I want to take all the rows from File1 and say columns 1-7 (which are the same in all the files) and then add column 8 from File 2 and columns 9 and 10 from File3.
Note that File1 doesn't have a header but the other files do. Also, File1 has less lines than the other files which have the same number of lines.

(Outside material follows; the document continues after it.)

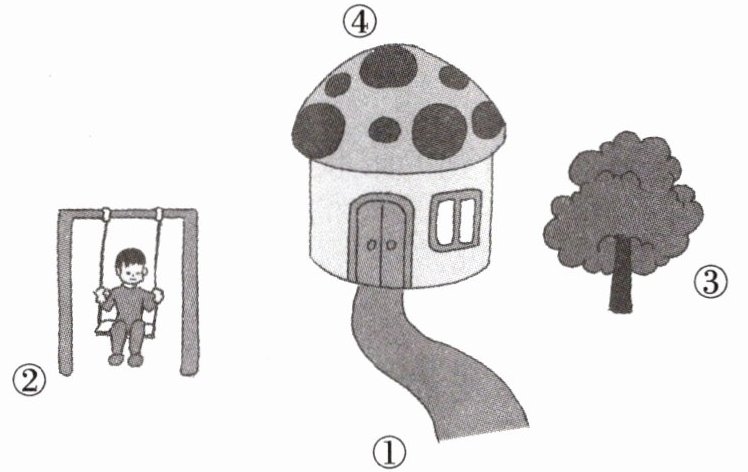 下面四幅照片,分别是站在①②③④哪个位置拍摄的?(填序号)

The output would look like:
Code:
--- rs74078040 NA 51288690 T G 461652 0.99852 0.8558 1
--- rs77209296 NA 51303525 T G 461843 0.99992 0.8989 1
--- rs7985170 NA 51304203 C T 461852 0.99994 0.6754 1

Any help would be greatly appreciated.
Thanks!

Last edited by Franklin52; 10-17-2012 at 06:12 AM.. Reason: Please use code tags for data and code samples
# 2  
Old 10-16-2012
Hi

Assuming your files are a1, a2 and a3:

Code:
$ join -1 2 -2 2 -o  1.1,1.2,1.3,1.4,1.5,1.6,1.7,2.8 a1 a2  | join -1 2 -2 2 -o 1.1,1.2,1.3,1.4,1.5,1.6,1.7,1.8,2.9,2.10 - a3
--- rs74078040 NA 51288690 T G 461652 0.99852 0.8558 1
--- rs77209296 NA 51303525 T G 461843 0.99992 0.8989 1
--- rs7985170 NA 51304203 C T 461852 0.99994 0.6754 1

Guru.
# 3  
Old 10-17-2012
Hi guruprasadpr,
Many thanks for your reply. I have tried the command you suggest but it tells me: "join: File 2 is not in sorted order" which I think probably comes from the header line because column 4 is in sorted order.
Any suggestions how to get around that problem? I don't want to make a copy of the files without headers because they are quite big and our disk space is limited.
# 4  
Old 10-17-2012
If you don't mind using two awk..

try

Code:
awk 'FNR==NR{$NF="";$(NF-1)="";$(NF-2)="";a[$2]=$0;next}{if(a[$2]){print a[$2],$8}}' file1 file2 > temp

awk 'FNR==NR{a[$2]=$0;next}{if(a[$2]){print a[$2],$9,$10}}' temp file3

# 5  
Old 10-17-2012
Hi pamu, I wouldn't mind using more than one step even though in reality I have 5 files instead of 3.
Could you broadly explain the awk syntax please? My awk knowledge is almost zero.
Thanks for your reply!
# 6  
Old 10-17-2012
Quote:
Originally Posted by bartman2099
Could you broadly explain the awk syntax please? My awk knowledge is almost zero.
It's Better that you should read some basic of awk then Smilie

Read this first..

then read.. thisSmilie

Code:
awk 'FNR==NR{$NF="";$(NF-1)="";$(NF-2)="";a[$2]=$0;next}   # Read first file, make $NF,$(NF-1) and $(NF-2) NULL as we don't need those. Create an array a with $2 is index and which stores $0 ( whole line).                                                            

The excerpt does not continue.